(Beginning of Dataset extract)
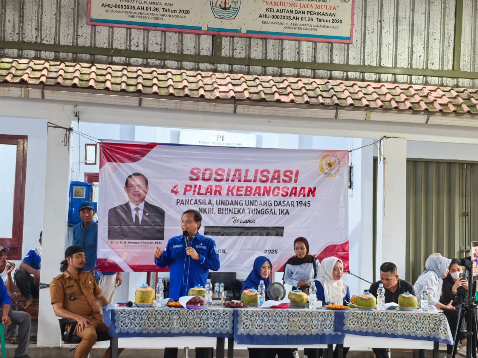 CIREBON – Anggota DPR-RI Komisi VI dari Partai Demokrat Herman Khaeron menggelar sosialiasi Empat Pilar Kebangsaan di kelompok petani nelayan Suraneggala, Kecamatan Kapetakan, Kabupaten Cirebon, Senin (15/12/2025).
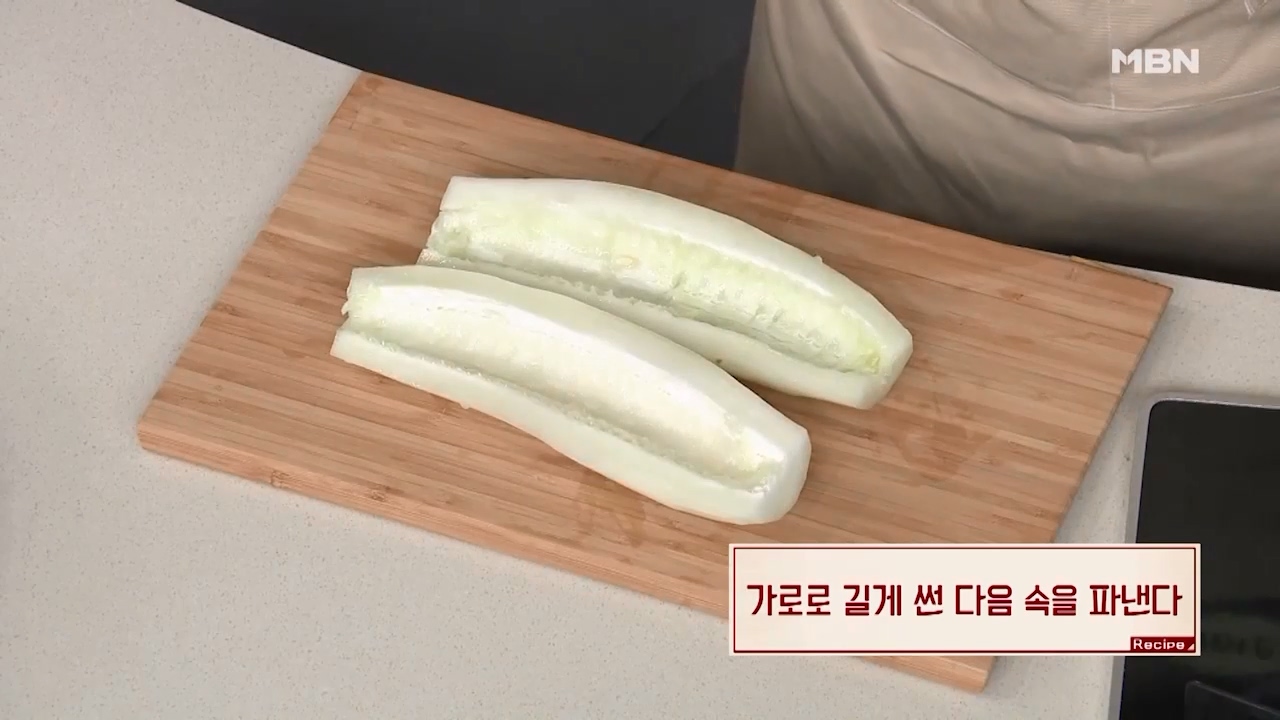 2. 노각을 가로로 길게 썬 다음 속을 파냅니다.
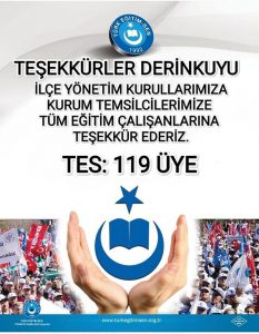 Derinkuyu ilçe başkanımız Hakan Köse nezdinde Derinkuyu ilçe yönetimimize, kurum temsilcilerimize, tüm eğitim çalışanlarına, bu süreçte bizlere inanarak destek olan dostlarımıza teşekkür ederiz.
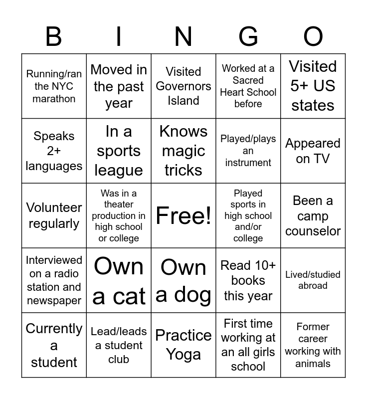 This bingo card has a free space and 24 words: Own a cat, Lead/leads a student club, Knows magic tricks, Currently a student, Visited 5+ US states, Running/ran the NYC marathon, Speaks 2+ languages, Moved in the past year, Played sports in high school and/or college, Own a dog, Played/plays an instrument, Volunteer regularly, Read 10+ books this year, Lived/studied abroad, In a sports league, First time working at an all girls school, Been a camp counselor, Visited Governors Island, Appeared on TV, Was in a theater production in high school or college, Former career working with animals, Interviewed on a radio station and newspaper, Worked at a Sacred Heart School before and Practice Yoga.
(End of Dataset extract)
# [Problem details]
Everything from the line containing "2. 노각을 가로로 길게 썬 다음 속을 파냅니다." to the last line of the listing above must be reproduced exactly, with no pictures included.

# [Result below]
 2. 노각을 가로로 길게 썬 다음 속을 파냅니다.
 Derinkuyu ilçe başkanımız Hakan Köse nezdinde Derinkuyu ilçe yönetimimize, kurum temsilcilerimize, tüm eğitim çalışanlarına, bu süreçte bizlere inanarak destek olan dostlarımıza teşekkür ederiz.
 This bingo card has a free space and 24 words: Own a cat, Lead/leads a student club, Knows magic tricks, Currently a student, Visited 5+ US states, Running/ran the NYC marathon, Speaks 2+ languages, Moved in the past year, Played sports in high school and/or college, Own a dog, Played/plays an instrument, Volunteer regularly, Read 10+ books this year, Lived/studied abroad, In a sports league, First time working at an all girls school, Been a camp counselor, Visited Governors Island, Appeared on TV, Was in a theater production in high school or college, Former career working with animals, Interviewed on a radio station and newspaper, Worked at a Sacred Heart School before and Practice Yoga.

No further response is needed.